I needed this awful feeling that I had messed up to go away. The easiest way to do that was to pass the discomfort, the unease, to someone else: to blame them for what had happened. The meeting ended abruptly and I could tell that people were affected by how I had acted. My blameful outburst had affected the feeling in the room. I had started to affect the culture of our meetings.
Who do you blame when things don’t go well? How are you when, say, poorer than expected SATs results come out? Are you uncomfortable, embarrassed, angry? Do you (privately or publicly) blame the parents, Y5 teacher or the number of SEN children in the class?

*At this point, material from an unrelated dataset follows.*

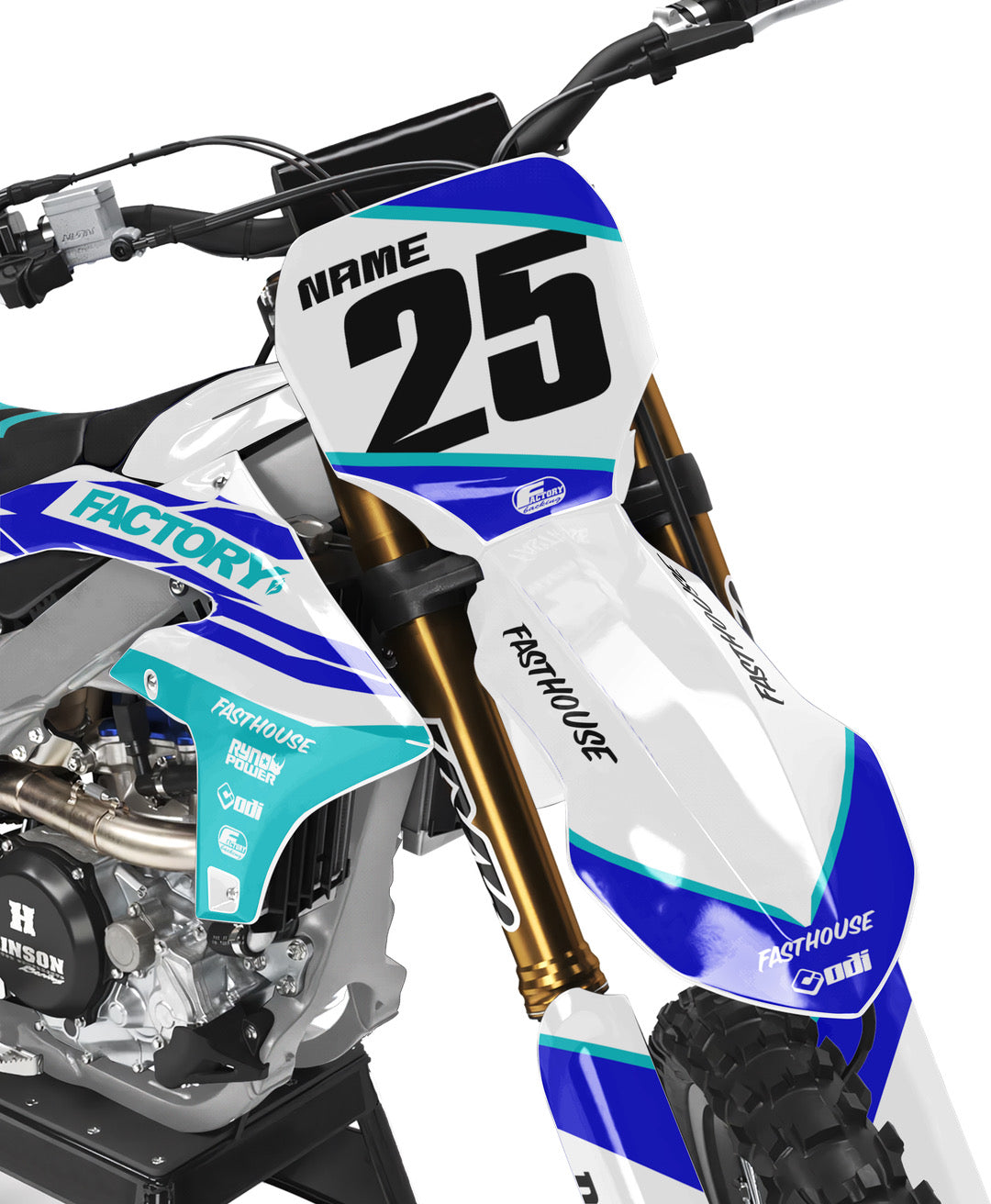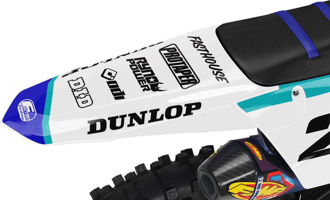 Full  graphic kits come custom with your sponsors logo if desired, your number and colors printed on the industry's best vinyl by Substance®. Most models include graphics for shrouds, front tip, rear fender,  sides/front plate, swing arm, and fork decals.

When a lesson goes badly, might you blame a lack of resources in your classroom, the children for misbehaving or your partner for snoring the night before and stopping you from getting a good night’s sleep?
Or is it all your fault because you’re a terrible person?
We can start to make changes if we can acknowledge how and who we blame. This involves being honest and a bit brave.
Blame produces negative feelings. For some people, this may be guilt. For others, blame can go further and produce shame. This is more painful than guilt and can stay with people for a long time.
Shame is personal; someone might feel they are a bad person rather than someone who has done a bad thing (guilt). If shamed, we tend to react in one of four ways:
Think about how someone you know (adult or child) reacted recently to some feedback. Might they have felt personally attacked or blamed and reacted in one of the four ways above?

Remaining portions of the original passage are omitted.